6. The reasoning on which the labour court passed its award in favour of the workman was in substance this: The initial terms of his service were superseded by the order of promotion dated 10 January 1961 when Panda was promoted to the post of electrical fitter. According to this order Panda was to remain on probation for a period of six months from 10 January 1961 but as his services were not terminated after the expiry of that period nor was he confirmed, he should be deemed to be still continuing as a probationer; in order to terminate the services of a probationer of this type for misconduct, it was necessary that he should be given an opportunity to refute the allegations of misconduct which admittedly had not been done in this case. Accordingly the labour court came to the conclusion that the termination of the services of Panda was not justified.
7. This view of the labour court, with which we agree, is supported by a decision of the Supreme Court in Express Newspapers, Ltd. v. Labour Court, Madras, and Anr. 1964--1 L.L.J. 9 where it was held that an employee appointed on probation for six months continues as a probationer even after the expiry of six months if at the end of the period his services had either not been terminated or he is confirmed; without anything more, an appointment on probation for six months gives the employer no right to terminate the service of an employee before six months had expired except on the ground of misconduct or other sufficient reasons in which case even the services of a permanent employee could be terminated. At the end of the six months' period the employer can either confirm him or terminate his services because his service is found unsatisfactory. If no action is taken by the employer either by way of confirmation or by way of termination, the employee continues to be in service as a probationer. It could not be contended that there was an automatic termination of service as soon as the period of probation of six months expires unless an order of confirmation was made.
8. In the present case it is clear from the order of promotion that it was a new assignment. The relevant portion of the order reads as follows:
* * *G.S. Panda, electrical fitter in the scale of Rs. 60 - 90, office of the General Foreman, Power Plant (Electrical), Hindus-than Steel, Ltd., Rourkela, is hereby promoted to the post of electrical fitter in the scale of Rs. 80--5--120 on a basic pay of Rs. 80 a month and posted in the same department with effect from new assignment. Panda will be on probation for a period of six months and will be governed by the rules and regulations of this project from time to time.

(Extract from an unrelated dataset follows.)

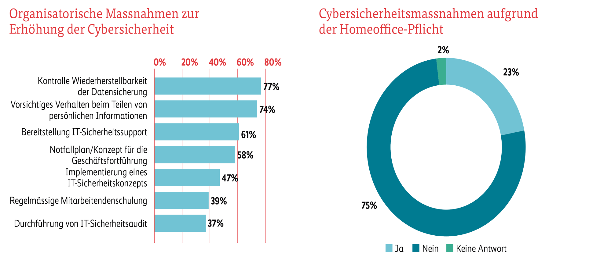 Analog der Umfrage in 2020 sind die Schweizer KMU relativ weit fortgeschritten mit der Umsetzung technischer Massnahmen zur Erhöhung der Cybersicherheit. Viel Potenzial zeigt sich jedoch bei der Planung und Umsetzung organisatorischer IT-Sicherheitsmassnahmen: Nur knapp die Hälfte der Schweizer KMU verfügt über ein IT-Sicherheitskonzept und nur zwei Fünftel schulen ihre Mitarbeitenden regelmässig oder führen IT-Sicherheitsaudits durch. Während der Homeoffice-Pflicht investierten deshalb ein Viertel der KMU in zusätzliche Massnahmen wie Sicherheitssoftware, Firewalls und stärkere Passwörter. Die Ergebnisse der Studie zeigen auch, dass KMU in vielen Fällen die Datenschutzverantwortlichkeit regelten (bei zwei Dritteln der KMU) und Prozesse zum Datenmanagement definierten.

9. Apparently, the workman was promoted to the post of electrical fitter as a new assignment on probation for six months. In our opinion, the reading by the labour court of the order of promotion as having superseded the original terms of service for three years is correct.
10. In view of our decision on merits as discussed above, it is unnecessary for us to deal with the question of alleged mala fides. In the result, therefore, the writ petition is dismissed but in the circumstances there will be no order as to costs.